NameConverging Evidence in Language and Communication Research
Volume12

Abstract

We argue that theory-of-mind (ToM) approaches, such as “theory theory” and “simulation theory”, are both problematic and not needed. They account for neither our primary and pervasive way of engaging with others nor the true basis of our folk psychological understanding, even when narrowly construed. Developmental evidence shows that young infants are capable of grasping the purposeful intentions of others through the perception of bodily movements, gestures, facial expressions etc. Trevarthen’s notion of primary intersubjectivity can provide a theoretical framework for understanding these capabilities and his notion of secondary intersubjectivity shows the importance of pragmatic contexts for infants starting around one year of age.

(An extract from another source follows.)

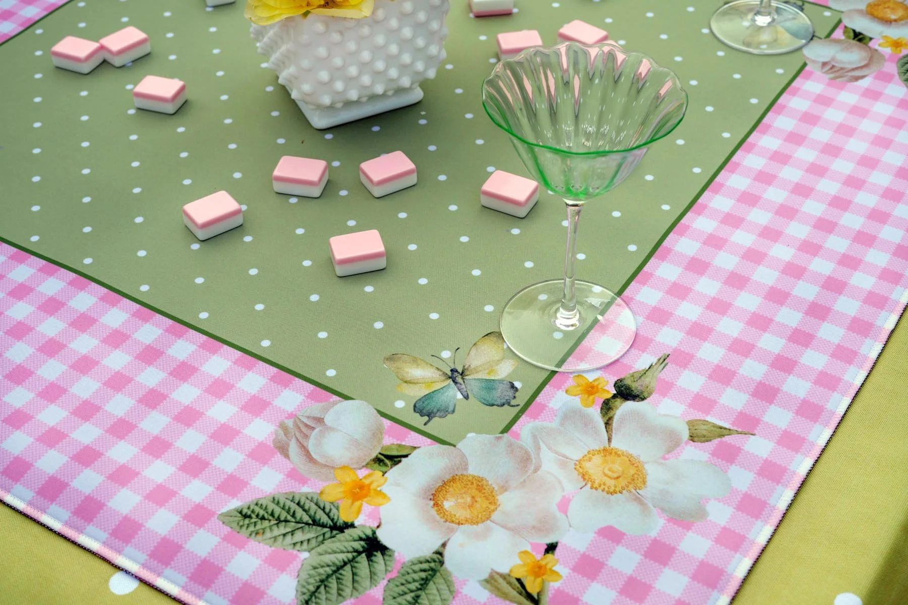 When you are hosting mahjong, your table deserves more than just a mat. Now you can have beautiful coordinating table cloths, napkins, party plates and tile bags. And to add a little versatility, these pieces look great on their own beyond mahjong for any lovely small gathering.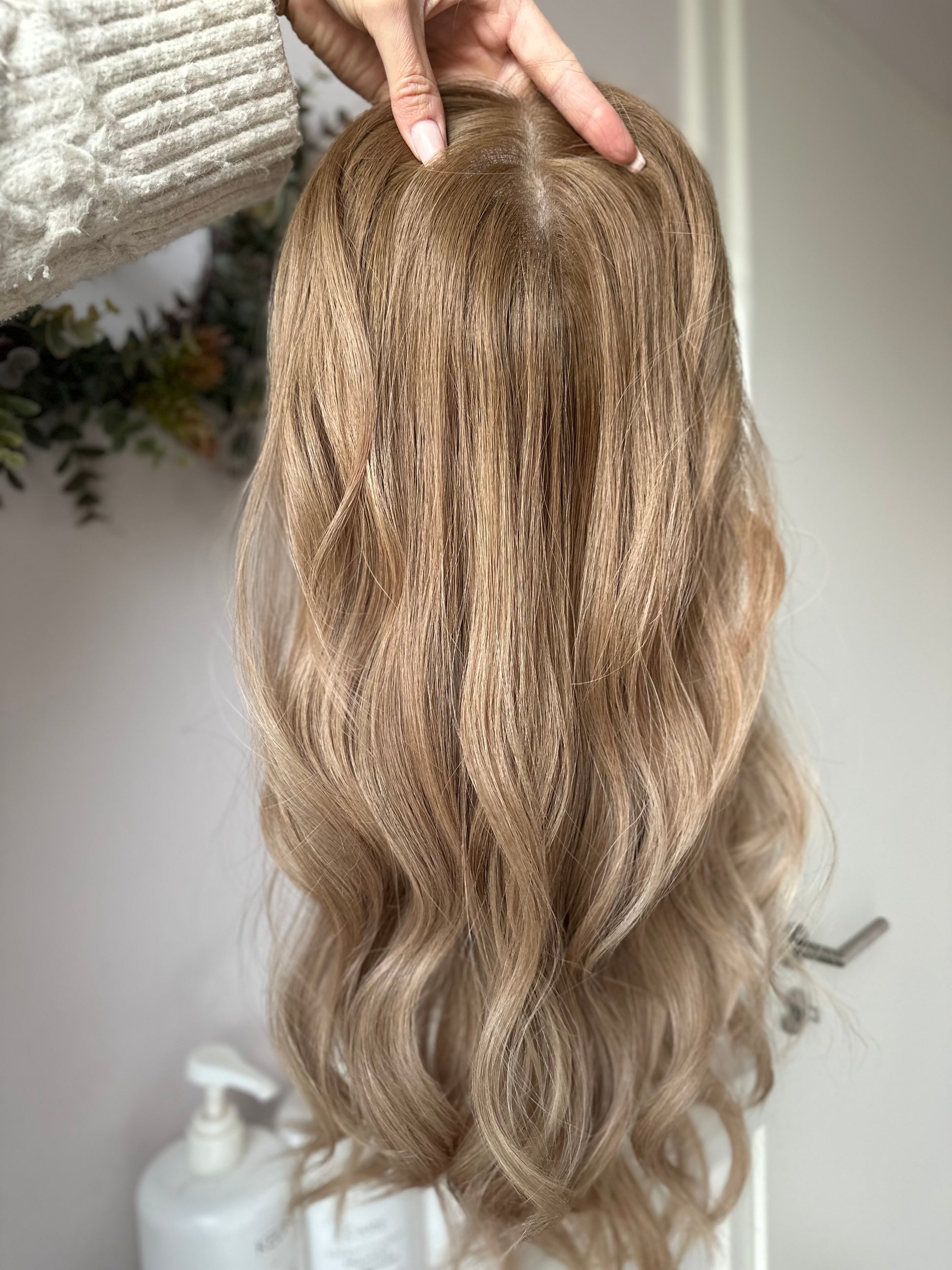 Wir zeigen unsere Lace Topper in indirekten Tageslichtaufnahmen, um ihre volle Farbintensität zu offenbaren. Denke jedoch daran, dass die Haarfarben je nach Lichtverhältnissen variieren können – wir möchten dir stets ein authentisches Bild bieten. Jedes HAIR BEAUTYS Haarteil ist einzigartig und von Hand gefertigt, daher fotografieren wir jedes individuelle Haarteil. Das Produkt auf dem Foto/Video ist genau das, welches du erhältst.

The recent neuroscience of resonance systems (i.e., mirror neurons, shared representations) also supports this view. These ideas are worked out in the context of an embodied “Interaction Theory” of social cognition. Still, for more sophisticated intersubjective interactions in older children and adults, one might argue that some form of ToM is required. This thought is defused by appeal to narrative competency and the Narrative Practice Hypothesis (or NPH). We propose that repeated encounters with narratives of a distinctive kind is the normal route through which children acquire an understanding of the forms and norms that enable them to make sense of actions in terms of reasons. A potential objection to this hypothesis is that it presupposes ToM abilities. Interaction Theory is deployed once again to answer this by providing an alternative approach to understanding basic narrative competency and its development.